• EXERCISE AIM:
Once the images are set aside, write out the rest of the records exactly.

• EXTRACTED RECORDS:
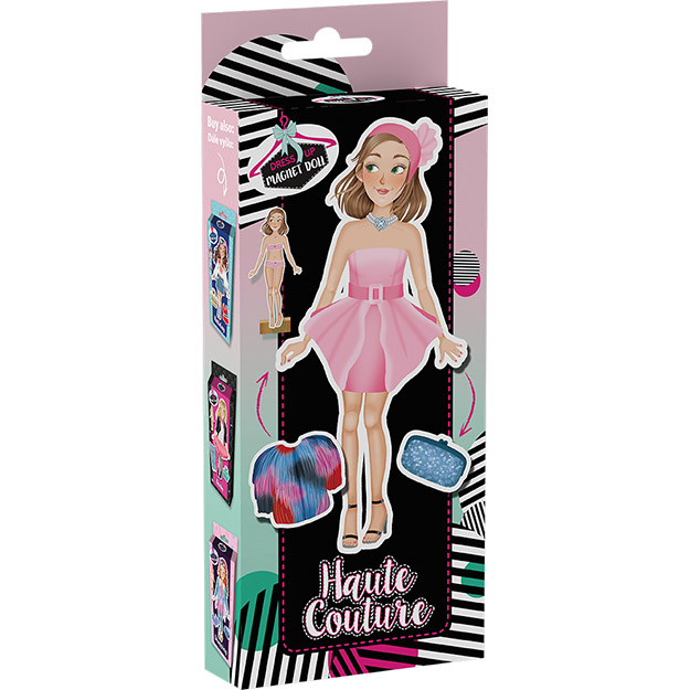 Balení obsahuje oblékací postavičku, 3 archy magnetických částí oblečení, bot a doplňků a dřevěný podstavec.
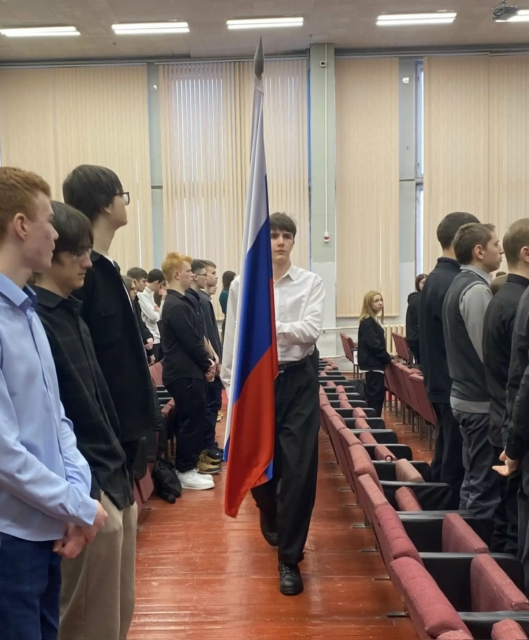 В актовом зале техникума морозное утро понедельника ознаменовано вносом флага и исполнением гимна Российской Федерации.
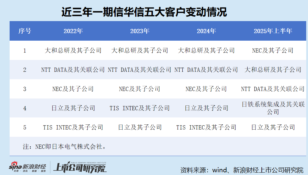 报告期内,NEC方案创新株式会社、株式会社日立解决方案、株式会社NTT DATA、日本电气株式会社、新日铁住金系统集成株式会社均为华信股份及信华信的五大客户,其中NEC方案创新株式会社为日本电气株式会社的全资子公司。
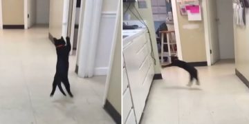 Watch how this kitten chases after a ping pong ball copying its bounce.
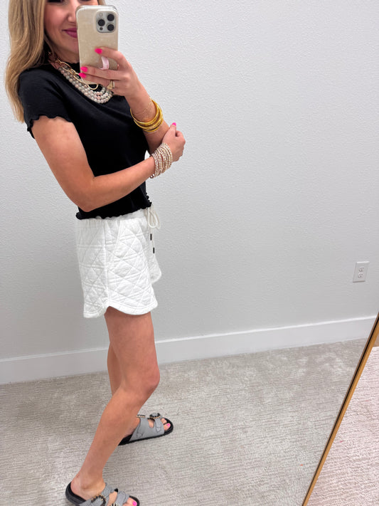 White Quilted Drawstring Shorts
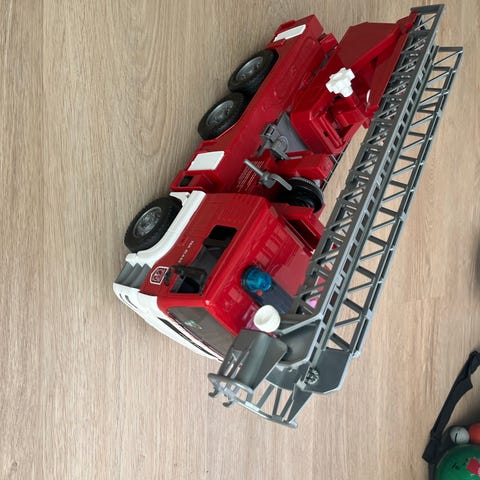 Bruder brandbil legetøj med udtrækkelig stige, rød og gul farve, plastmateriale. Designet som en brandbil til leg og simulation af brandmandsopgaver.

• RESULT BELOW:
 Balení obsahuje oblékací postavičku, 3 archy magnetických částí oblečení, bot a doplňků a dřevěný podstavec.
 В актовом зале техникума морозное утро понедельника ознаменовано вносом флага и исполнением гимна Российской Федерации.
 报告期内,NEC方案创新株式会社、株式会社日立解决方案、株式会社NTT DATA、日本电气株式会社、新日铁住金系统集成株式会社均为华信股份及信华信的五大客户,其中NEC方案创新株式会社为日本电气株式会社的全资子公司。
 Watch how this kitten chases after a ping pong ball copying its bounce.
 White Quilted Drawstring Shorts
 Bruder brandbil legetøj med udtrækkelig stige, rød og gul farve, plastmateriale. Designet som en brandbil til leg og simulation af brandmandsopgaver.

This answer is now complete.